8:15 p.m. – Dessert Reception (Chris Knutzen Hall Lobby)
8:30 a.m. – Registration (Regency Room Lobby, Anderson University Center)
9:00 a.m. - 10:15 a.m. – (Chris Knutzen Hall, AUC 214)

“Medical Science, Ethics and Saving Lives” – Naomi Baumslag
Jewish doctors worked under conditions of extreme personal danger and cruelty during the Holocaust. There is evidence that despite orders for the calculated, callous extermination of lives in the name of science, ethical physicians such as Ludvik Fleck, Moses Brauns and Adina Szwajger improvised to work around their constraints in order to save lives.

“Women Prisoner-Doctors in Auschwitz” – Claude Romney

Presenters:

Moderator:

10:30 a.m. - 12:15 p.m. – (Chris Knutzen Hall, AUC 214)

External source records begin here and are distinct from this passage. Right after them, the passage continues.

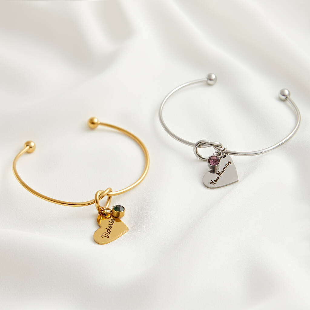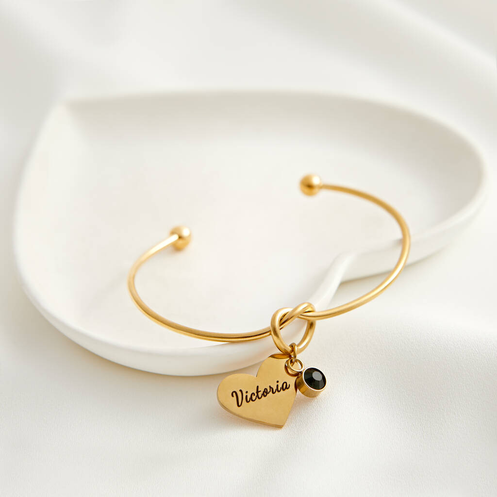 Personalised Heart Knot Gemstone Bangle Gift
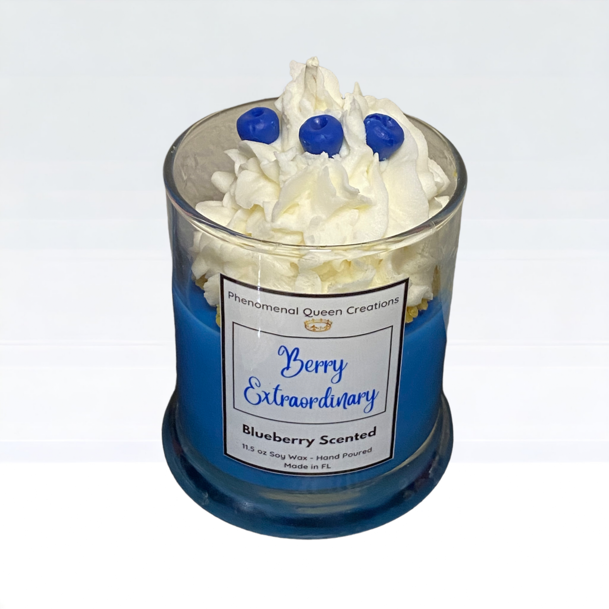 Berry Extraordinary has the fruity and delicious aroma of blueberries. Indulge in the extraordinary allure of blueberries without leaving your space, and let this candle infuse your environment with the irresistible charm of these little blue wonders.
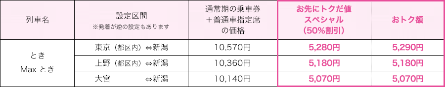 「お先にトクだ値スペシャル(乗車券つき)」 |
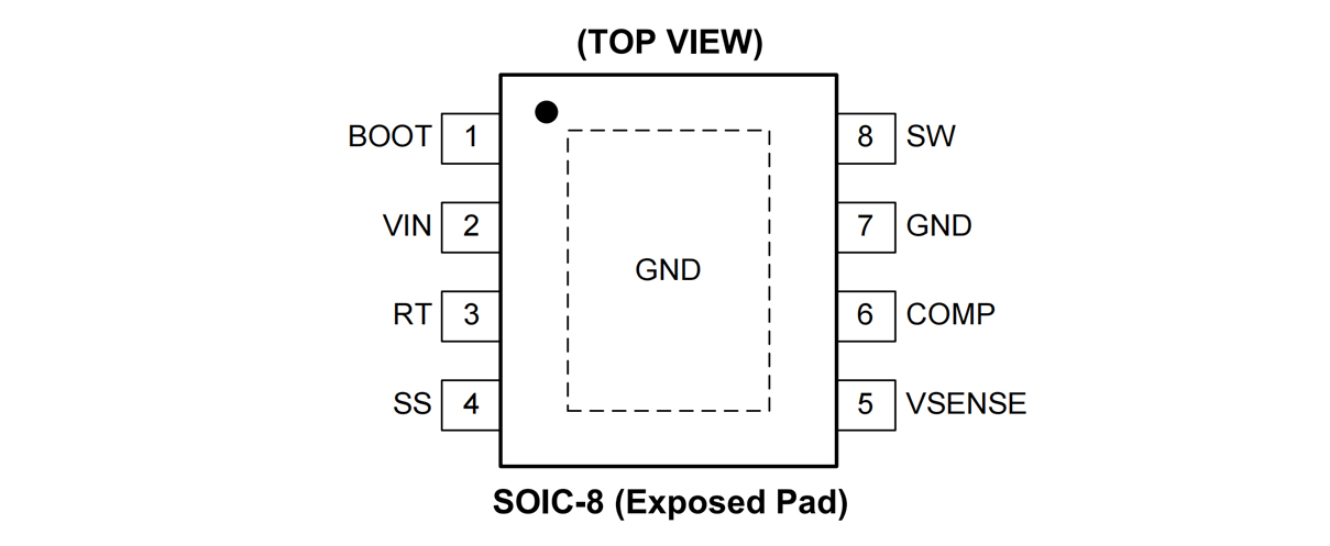 With its adaptive hysteresis and pseudo-constant on-time control (AHP-COT) architecture, the load transient performance is excellent and the output voltage regulation accuracy is achieved.
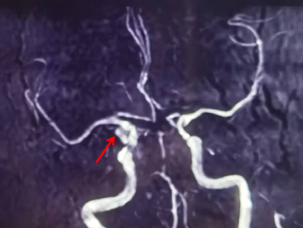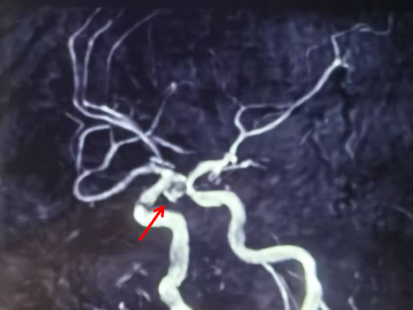 颅脑MRA(当地医院):左侧颈内动脉后交通段局部膨大,可疑动脉瘤。
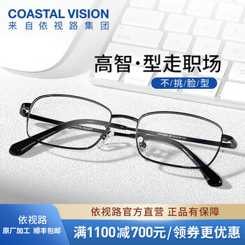 依视路(ESSILOR) 钻晶系列高清耐磨防蓝光近视超薄镜片专业配度数眼镜架男女镜框 金属-全框-2054BK-黑色 镜框+依视路膜御防蓝光1.56现片
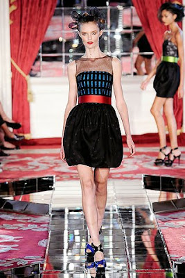 Above, from Monique Lhullier. So the hat looks ridiculous the way it's balanced on the model's head, but if I don't get my hands on something with sheer black sleeves so huge they could function as mosquito nets, I will forever be uncool.
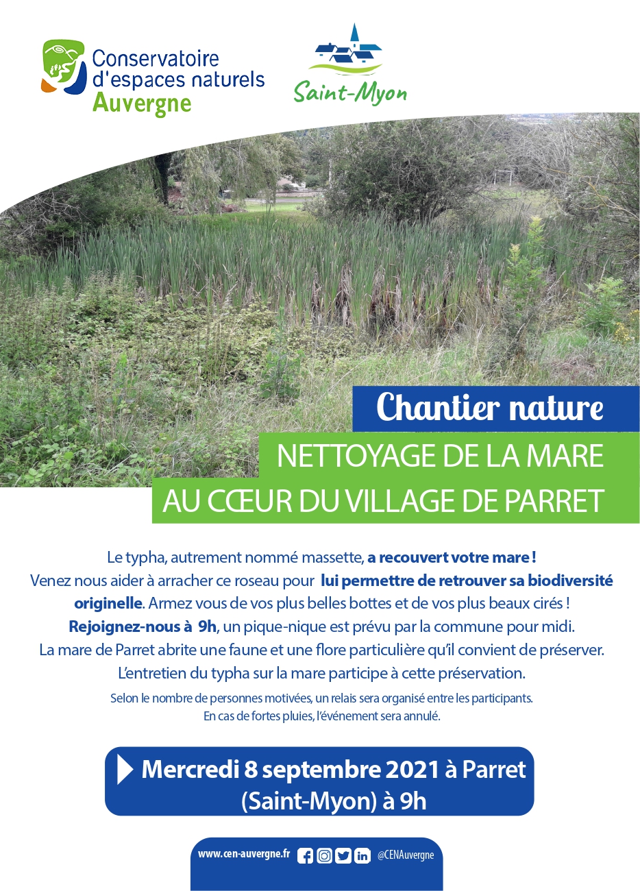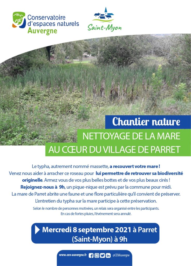 Nettoyage de la mare de Parret le mercredi 08 septembre 2021 à 09h00.

“For Health, for Profit, for Nothing at All?: Jewish Physicians in the Warthegau Forced Labor Camps for Jews, 1940-1943” – Sari J. Siegel, Ph.D.
This presentation addresses the recruitment of Jewish doctors for medical work in the little-known forced labor camps for Jews in the Warthegau—a region annexed to the Third Reich from western Poland. Through the consideration of the multiple parties (e.g., municipal, regional, and federal government officials and businessmen in public and private industries) that sought to harness the expertise of Jewish medical professionals and the motivations behind their respective efforts, new findings come to light and greater insight into the mechanics of exploitation and mass murder emerges.

“Legacy of the Nuremberg Code: 70th Anniversary” – Susan Miller
The goals of this presentation are to review the origins of the Nuremberg Code and to explore the historical and current day relevance of the Code for medical science, investigators, institutions and research subjects.

Presenters:

Moderator:

12:30 - 2:00 p.m. – (Chris Knutzen Hall, AUC 214)

“250+ letters from Dachau: A Journey of Words, though Rarely Spoken” – Clarice Wilsey
Clarice Wilsey’s father, Captain David Wilsey, M.D., was an American army physician who treated survivors of Dachau Concentration Camp after liberation. He and several dozen other medical staff stayed at Dachau with thousands of former prisoners under quarantine, in order to bring some healing to the survivors. Dr. Wilsey’s letters from Dachau to his wife back home survived, and after Clarice found them in 2009, inspired her to share her father’s experiences with students and others as a member of the Holocaust Center for Humanity Speakers Bureau.